Reader writes "OSNews has the first in-depth review of Sun's Java Desktop System based on the final code. The article discusses the good (stability, Star Office 7, good Java integration) and the bad (no KDE, buggy RealTek driver, shaky Samba) and it includes a number of screenshots. It seems that Sun has put all its attention on Gnome and while this is good for cosistency across their desktop (some of their Java apps use the native GTK+ themeing), it also limits its users from an out-of-the-box KDE and its thousands of apps choice."

3 of 377 comments (clear)

  1. SuSE? Yast? by TrekCycling · · Score: 5, Insightful

    What a weird-ass system. What the heck does grafting Java images into SuSE's Yast and a bastardized Gnome 2.4/2.2 have to do with a "Java Desktop"?

  2. Regarding lack of KDE by V.+Mole · · Score: 5, Insightful

    ...while this is good for cosistency across their desktop [...] it also limits its users from an out-of-the-box KDE and its thousands of apps choice.

    And that's a Good Thing(tm).

    Now, before you flame me, that's absolutely NOT intended as a anti-KDE comment. It's simply that the Sun Java Desktop is not intended for hobbyists who are going to be installing random applications. It's intended to be used by organizations who will install it on everybody's machine (or a central server, or whatever), and that's it. Everybody's got the same stuff, and uses the same tools. Anything else is a support nightmare for a large organization, and eventually for Sun.

  3. Re:Wrong market by RevMike · · Score: 5, Insightful
    The corporate desktop is not a place to be giving the user thousands of applications from which to choose. Nor even alternate desktops. It's about giving them the tools they need to do the job. Locked down, so the user can't tinker with it and screw things up. Including KDE would have been a terrible choice, no matter which side of the KDE/GNOME divide you fall. Sun need to provice accessiblity. GNOME gives that, and KDE doesn't (yet). So they have to ship GNOME. So their choices are to either ship GNOME or to ship both. For the corporate market, they definitely made the right decision on that score.

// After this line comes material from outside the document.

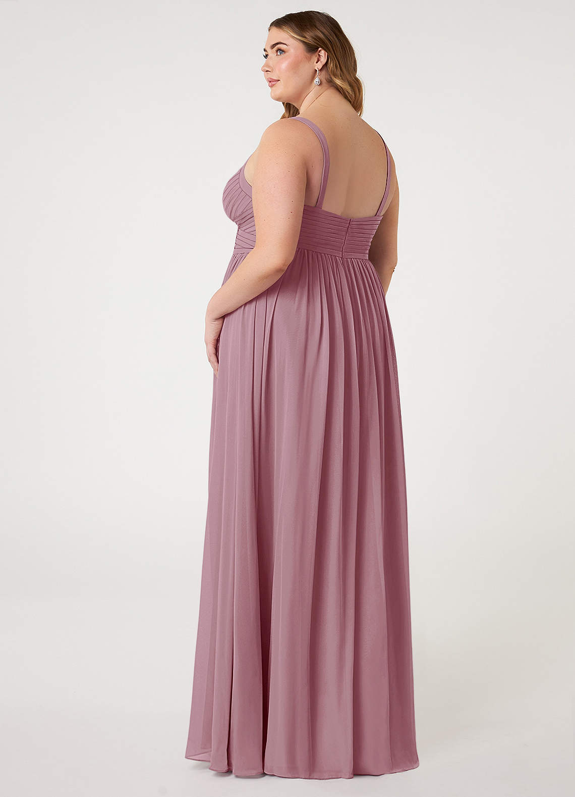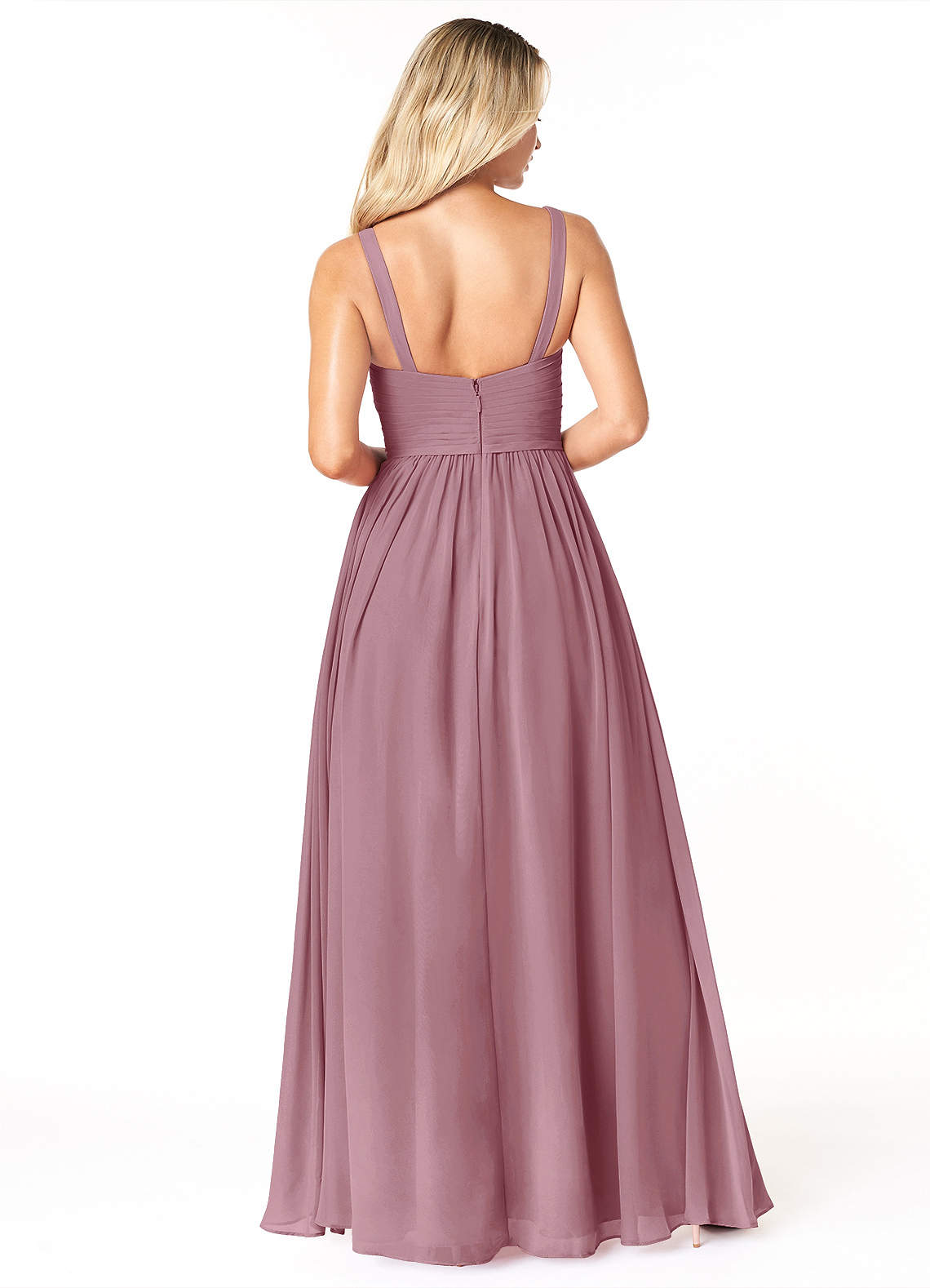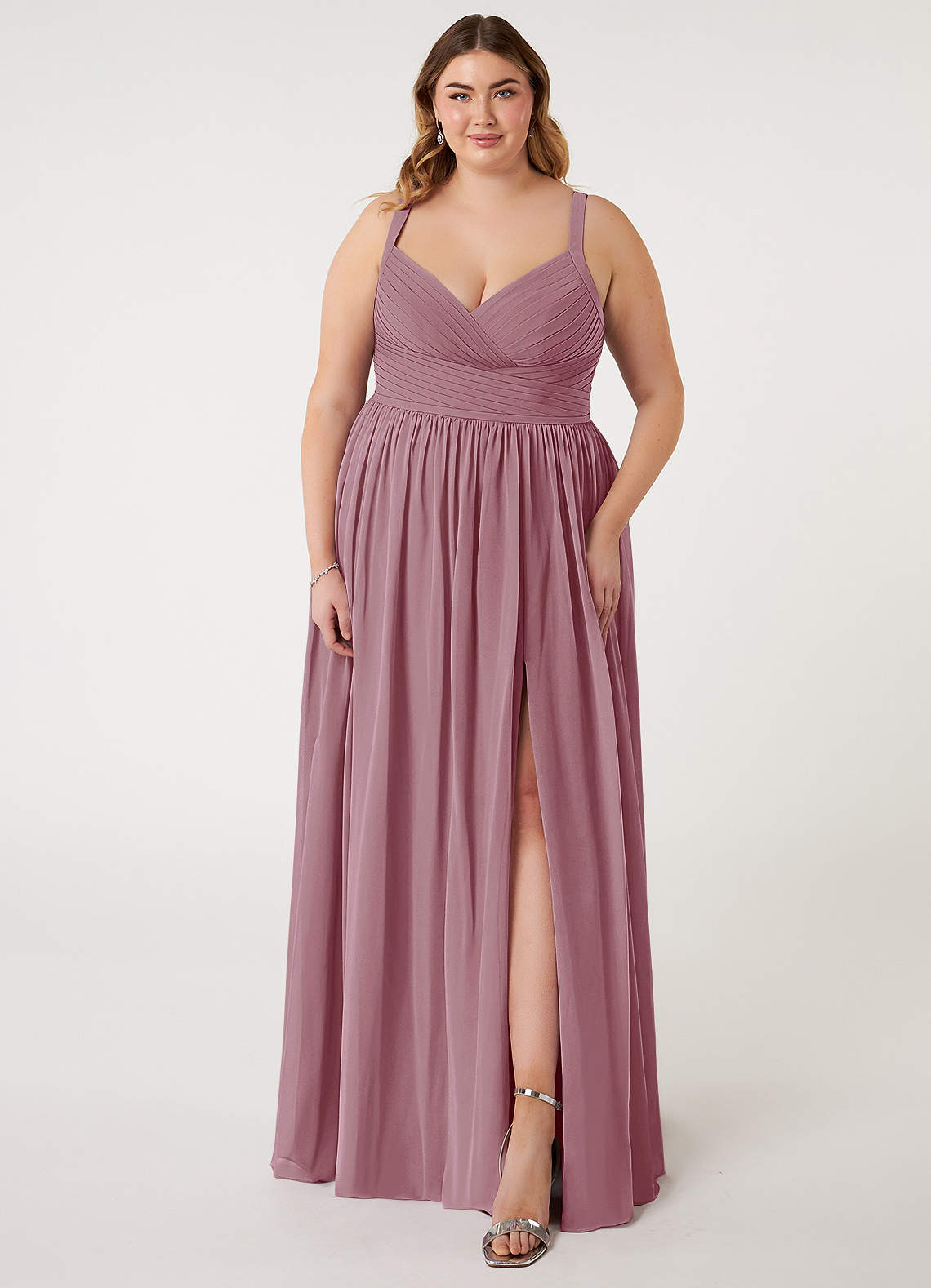 Chanel is a stunning bridesmaid dress cut from chiffon. This bridesmaid dress features a faux surplice bodice with a V-neckline and straps. The A-line skirt is gathered and comes with a leg slit.

    You are absolutely right. A corporate desktop is a support nightmare if it isn't locked down and standardized. It would have been nice if Sun provided recent copies of the KDE toolkit, however. It is likely that some corporation is going to deicde that they need a particular KDE app, and the sysadmin will then need to figure out how to deploy the toolkit and the app to thousands of machines without breaking any dependancies.

    Please note that I am not arguing that the corporate user be able to run a KDE desktop/window manager. The corporate masters get the right to set the internal standards.